Volker Lanz wrote:
On Montag, 16. März 2009 16:06:46 Jeff Garzik wrote:
Your hardware is telling you that it is seeing CRC errors on the ATA bus
-- which means to say, a hardware problem that causes data transfer over
the SATA cable to fail.
Possible sources of problems: bad SATA cable, bad power supply, bad
SATA port on device or mainboard, bad mainboard, ...
Faulty hardware is of course always possible. It's hard to imagine something
is wrong with the hardware in this case, though:
* Both drives are affected, a Samsung and a Seagate. We can rule out the
drives.
* Both drives worked in AHCI mode with the same cables and power supply with
the ICH9 based Gigabyte board: We can rule out the drives themselves again and
also the cables.
* Different SATA cables did not help. We can rule out the cables again.
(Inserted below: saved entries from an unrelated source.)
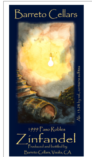
Label for premier Zinfandel Release
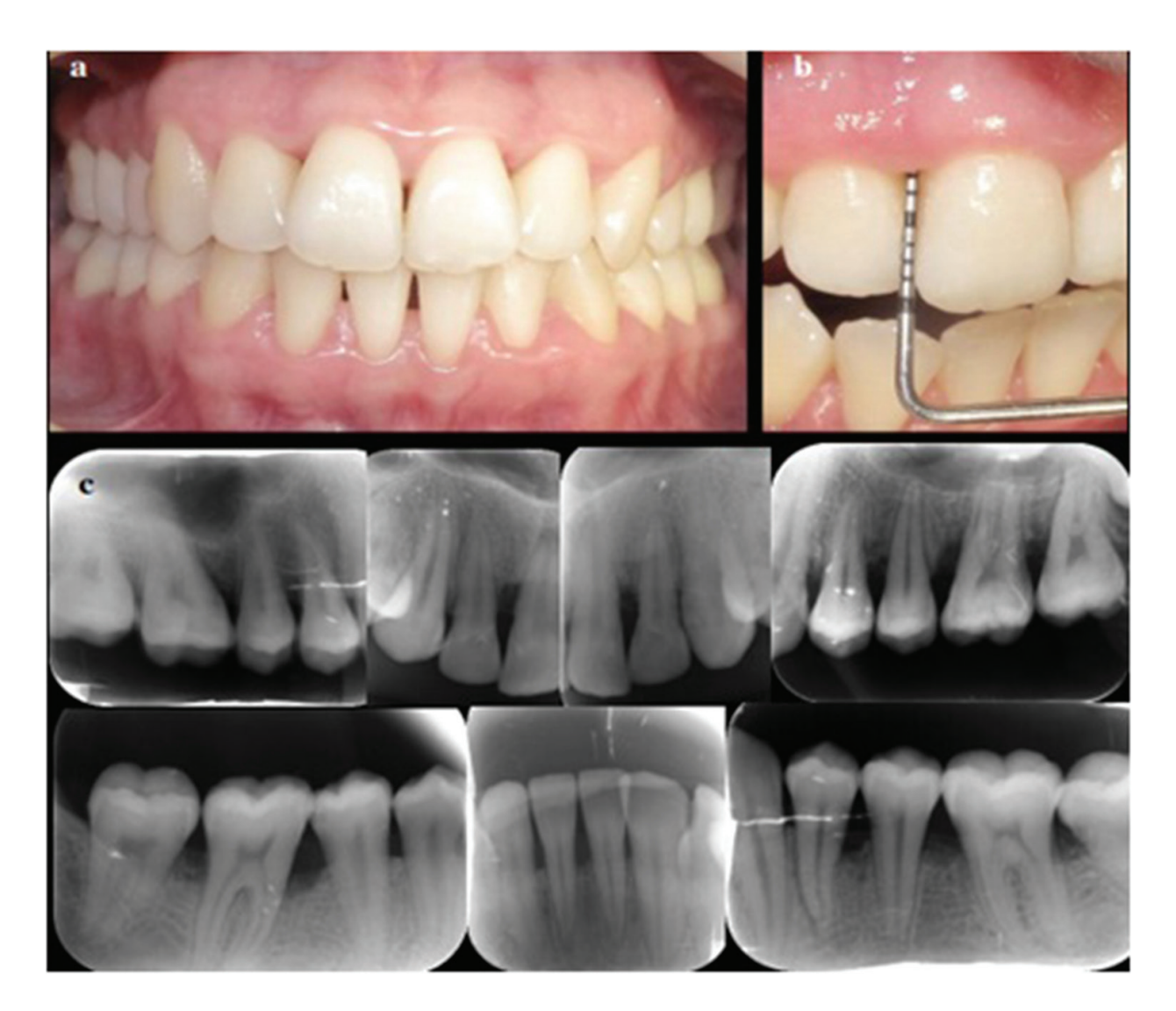
Figure 1. LAgP patient; (a)-clinical view of the LAgP patient, (b) 7 mm probing depth at distal of the incisor tooth, (c) radiographic view of the LAgP patient.
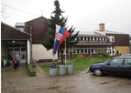
Entrance of Principovac RAP. Šid (Serbia) ©UNHCR, 23 March 2016

Over 700 refugees from Syria, Afghanistan and Iraq were hosted the three sites in the West. 224 individuals were accommodated in Sid RAP, some 300 in Adasevci RAP and other 184 individuals in Principovac RAP. SCRM and UNHCR continued the verification of the population.
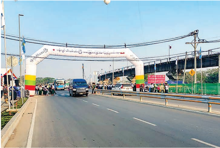
The view of the new Thanlyin-Thilawa Road in Yangon Region.
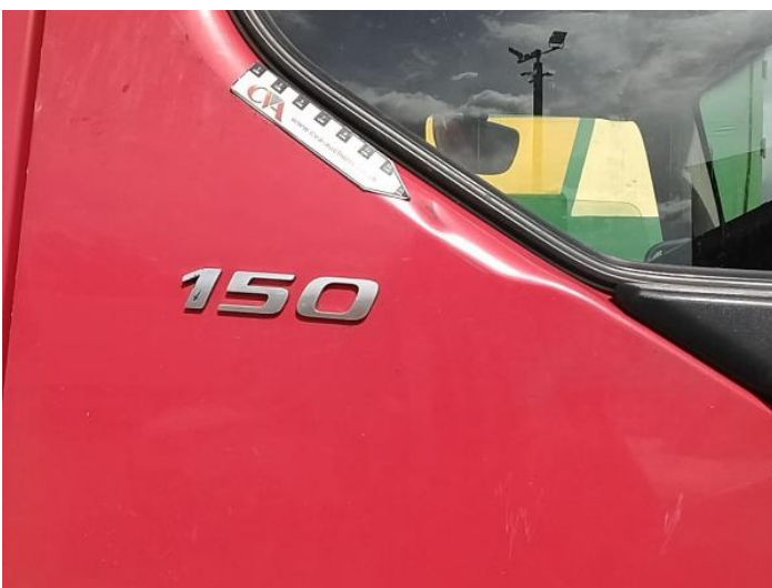
13: Door osf Dented Between 10mm + 30mm
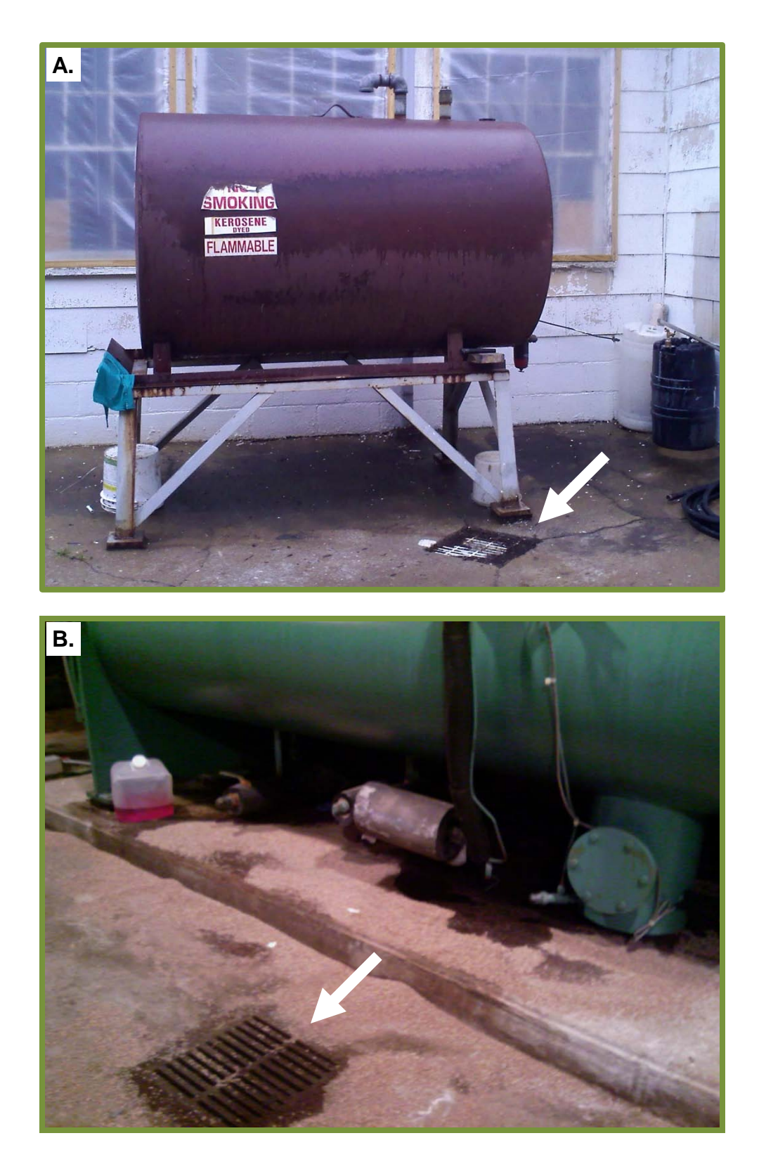
Figure 2. Outdoor (A) and indoor (B) oil storage tanks located near drains. The locations would obviously (rather than "reasonably") be expected to direct spills to surface waters in harmful quantities.

* Unplugging everything in the machine except the drive with the root
partition and the video card did not help: We can rule out the power supply (a
high quality Tagan 400W model, not some OEM junk) with a near 100%
probability, I suppose.
So, all that's left is the mainboard. But on this same machine, AHCI in
Microsoft Windows XP works without any problem whatsoever. I know the old
I would double-check that you are using an AHCI driver in XP, since that
is uncommon. Most XP drivers for AHCI-capable hardware program the SATA
device in legacy IDE mode.
Linux-stresses-your-hardware-more-than-Windows tale, but I haven't seen proof
of that for 10 years now. This finally seems to rule out the mainboard and at
least to me it appears the software side is all that is left.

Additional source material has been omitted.